• [WHAT YOU ARE ASKED TO DO]:
In the data below, begin at the line with "Sillín para niños" and stop after the line with "В комплект входит"; output those lines exactly and no pictures.

• [DATASET EXCERPTS]:
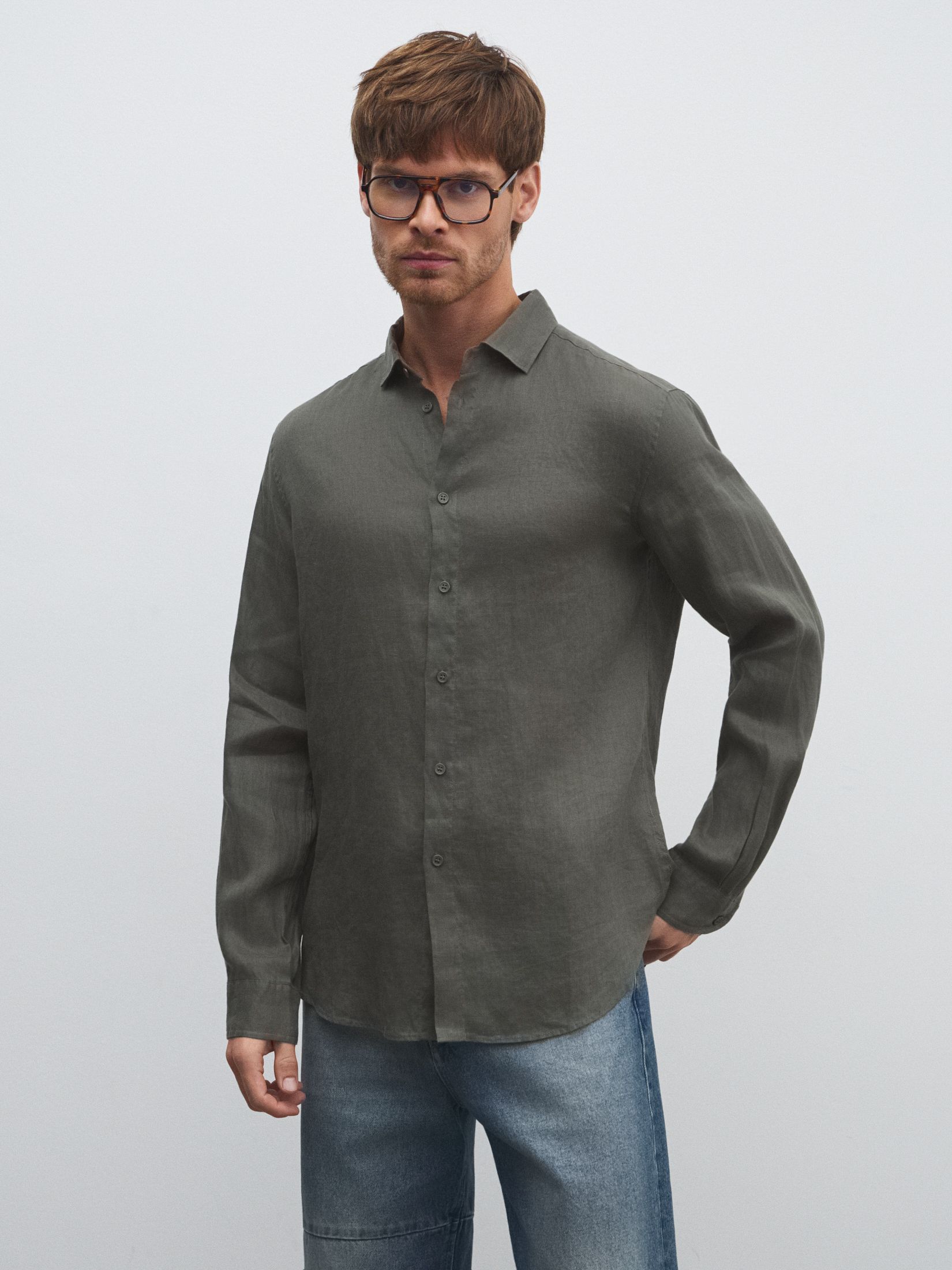 Мужская рубашка MAISON DAVID 4506441, зелено-серый
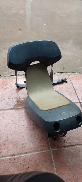 Sillín para niños con algún roce del uso y de guardarlo y posapies de plástico
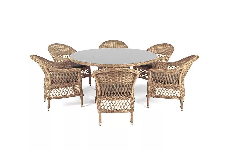 В комплект входит круглый обеденный стол «Эспрессо» (1500×1500×750 мм) с ударопрочной стеклянной столешницей и 6 кресел коллекции «Сицилия» (590×640×820 мм).
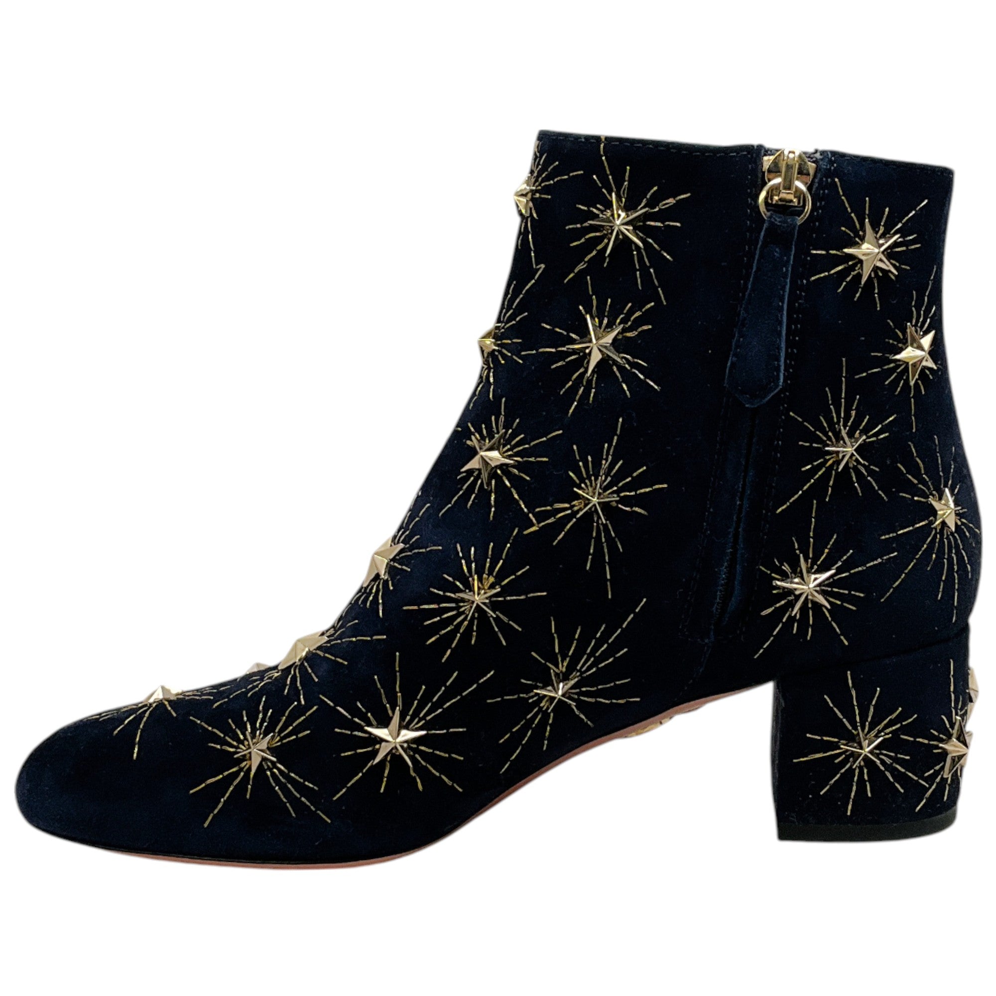 Aquazzura Navy Blue Suede Cosmic Star Booties
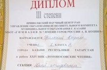 13 марта в гимназии 7 прошла научно- практическая конференция Ломоносовские чтения. Ученик 2в класса Уральский Кирилл занял 3 место, учитель Туманова И.А.

• [RESPONSE]:
 Sillín para niños con algún roce del uso y de guardarlo y posapies de plástico
 В комплект входит круглый обеденный стол «Эспрессо» (1500×1500×750 мм) с ударопрочной стеклянной столешницей и 6 кресел коллекции «Сицилия» (590×640×820 мм).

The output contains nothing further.